Choose a life worth living
(Baonghean.vn) - Around me, there are also many women, and of course, men, who marry someone whose reason for getting a marriage certificate is just because "I'm of age, my parents are urging me", "I'm too shy to love someone new".
My mother, probably like most mothers, often “threatens” her teenage daughters to “be smart or they will kick you out of the house when you get married.” As for me, since I was a child, I knew for sure that I would never be in that situation. It’s not that I was smart enough to please anyone, but because I knew for sure that I would never marry someone like that, someone who was not “suitable” for me in many ways.
Later, when I got married, I sometimes heard someone say that I was so lucky to marry the person I loved, I was so lucky to marry someone who was like-minded. Maybe people had a wrong perspective on the issue. Isn't "marriage" defined as a lifelong partnership with the person you love, the person you are compatible with? So if someone meets someone they are not really attached to, don't really feel in sync with, why do they still choose to tie their life with that person? I'm probably not the only one who thinks about this question. Around me, there are many girlfriends who have gone through at least 3 failed relationships with bad guys. But then they quickly date someone else with all the other bad signs, and what's left is an unhealthy breakup and unforgettable pain. Around me, there are also many women, and of course, men, who marry someone whose reason for getting a marriage certificate is just because "I'm of age, my parents are urging me to", "I'm too shy to love someone new", "Maybe after getting married, he/she will change for the better". Not surprisingly, that marriage soon falls into the rut of a dry, boring, even tiring relationship.
In the popular teen psychology book The Perk of Being a Wallflower, a young man named Sam asks his psychology teacher, “Why do people choose to date someone who treats them so badly?” The teacher’s answer became a famous quote that is quoted all over social media: “We accept the relationship we think we deserve.”
I, since I grew up, have been aware of my own value, I understand that I deserve someone who is as proud and respectful of others as I am. If in the short time of my youth, I do not meet anyone suitable enough for me, I am willing to enjoy life alone to the fullest. Some others do not, they are afraid of loneliness, afraid of heavy social pressure. They easily accept a "relatively" love affair, that is, a relationship that is pleasant in some aspects and regardless of all other unpleasant aspects.
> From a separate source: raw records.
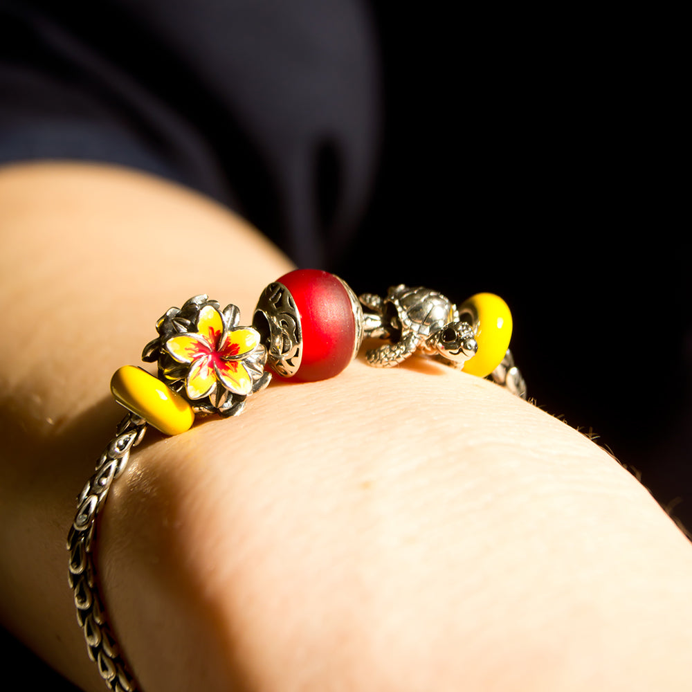 Manihi Island – Red Sea Glass Bead Sterling Silver Aurora Charm from our exclusive Glass & Silver Collection. This bead is combination of sterling silver motif with maori style ocean waves and the sea glass look. An absolute must have for every summer, beach and holiday bracelet!
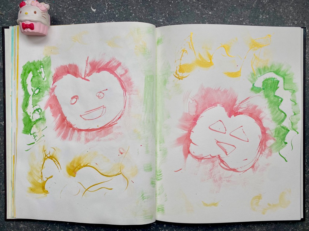 On a two-page spread of my Strathmore sketchbook, I began doodling away with the tip of the ink dropper from some of my colored India Ink. More precisely, they are the iridescent versions of Bombay Ink by Dr. Ph Martin’s which come in 12 shades. And they are gorgeous! Green, Salmon Pink and Yellow were chosen here, with some spread out with a small flat wet brush. As it turned out, I ended up with two pumpkins, one on each page surrounded by random shapes and curvy lines.
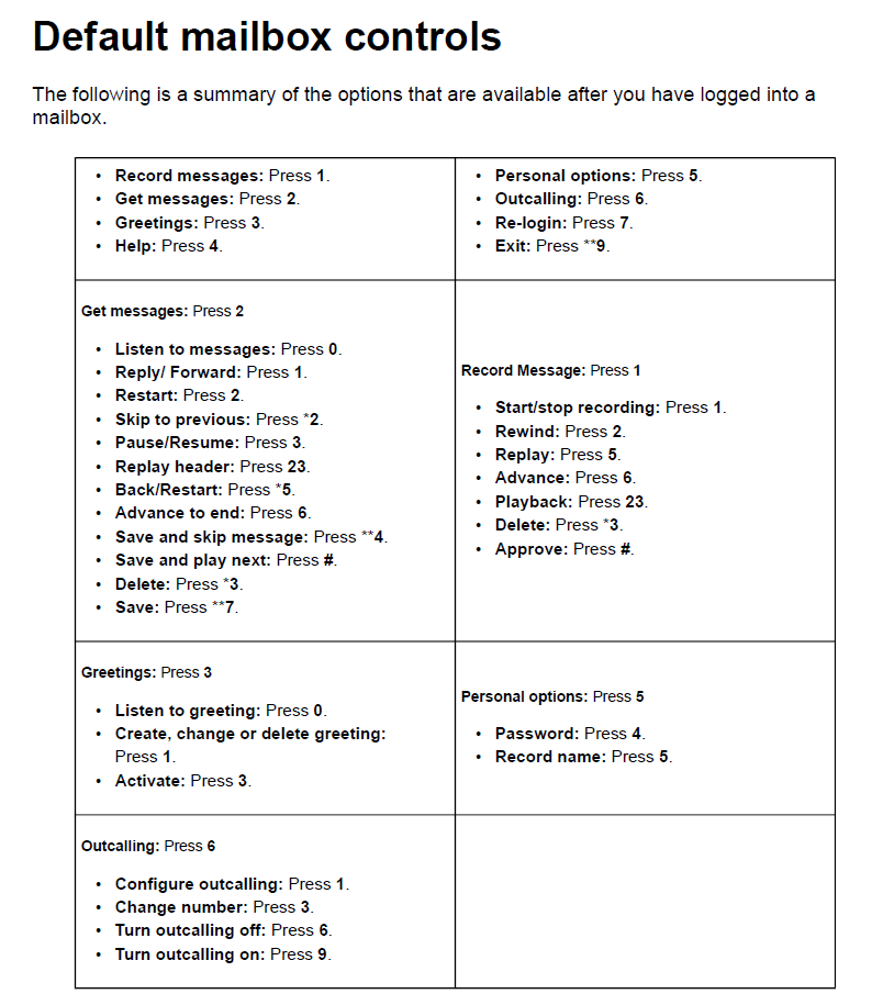 Avaya embedded mailbox controls
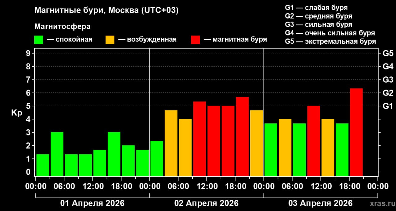 По прогнозам специалистов, полная стабилизация геомагнитной обстановки произойдёт не раньше воскресенья, 5 апреля.
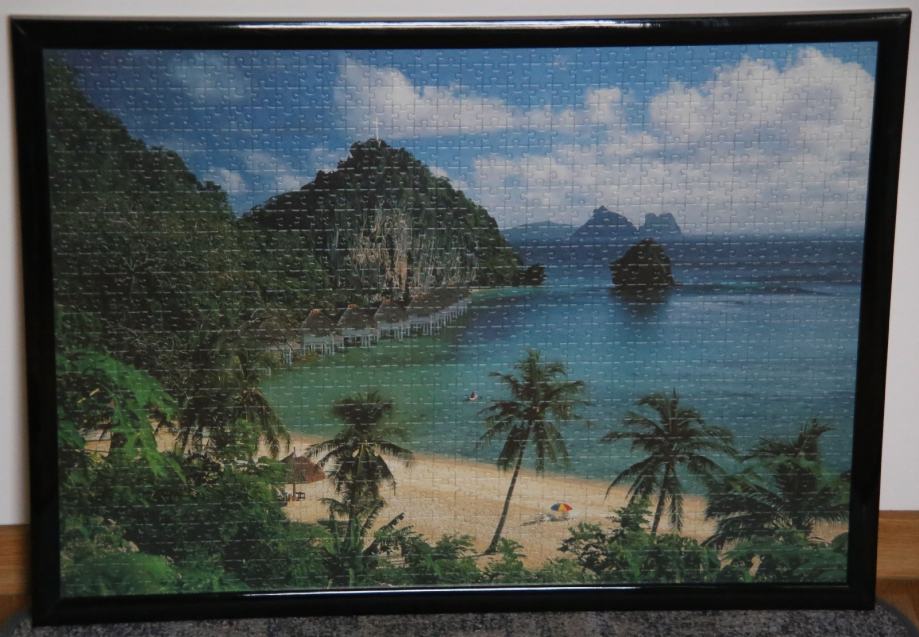 Prodajem uramljenu ostakljenu sliku od sastavljenih puzzla dimenzije 74x53,5 cm.
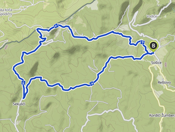 Sošice, pl. staza prema Sv. Geri sa istočne strane, Sv. Gera, dolje kombinirano cestom do Sekulića, a zatim prilično vegetacijom obraslom pl. stazom pored Rajakovića i sa zapada do Sošica. Nešto manje od 20 km sa 750 m uspona/silaska.
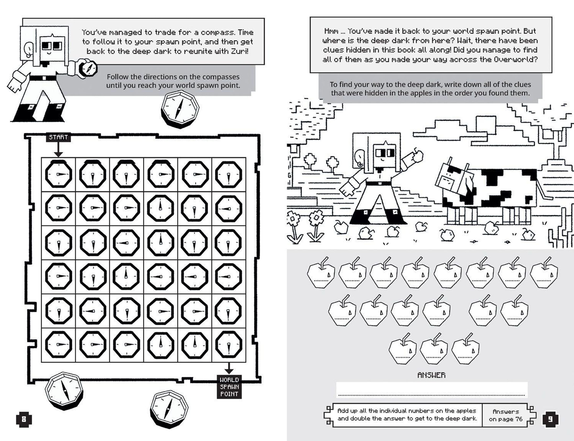 Stuffed to the brim with Minecraft-themed puzzles that engage kids in an adventure across the Overworld. Solve the puzzles to figure out the next page number, and collect clues as you go to finish the story.
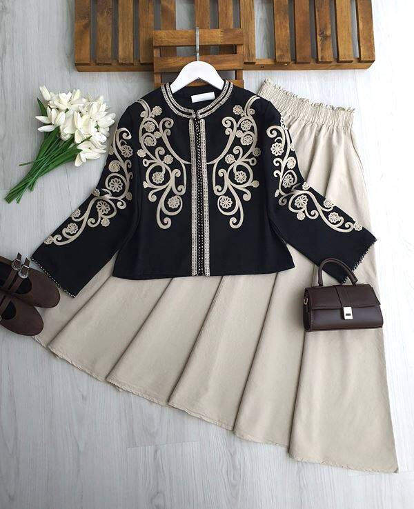 KEFDA KOL VE ÖN İNCİ İŞLEMELİ NAKIŞLI CEKET 3230-01-SİYAH
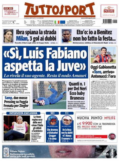 TUTTOSPORT LUIS FABIANO CALCIOMERCATO – Sul quotidiano Tuttosport si parla del calciomercato Juventus e in particolare dell’affare Luis Fabiano.

Sometimes they hesitate to reject a bad person with the thought "maybe I will not meet anyone better".
I believe in the philosophy of “You Can Choose Your Life”. You can choose your life. You can choose to live a fulfilling life, without toxic relationships, doing the work you want, always surrounded by sincere and kind people. You can also choose to live a broken life, meet superficial people, accept values that are not compatible with who you are and forget how to pursue your passionate passions. It is all in each person’s hands, the only question is whether you consider yourself worthy or not.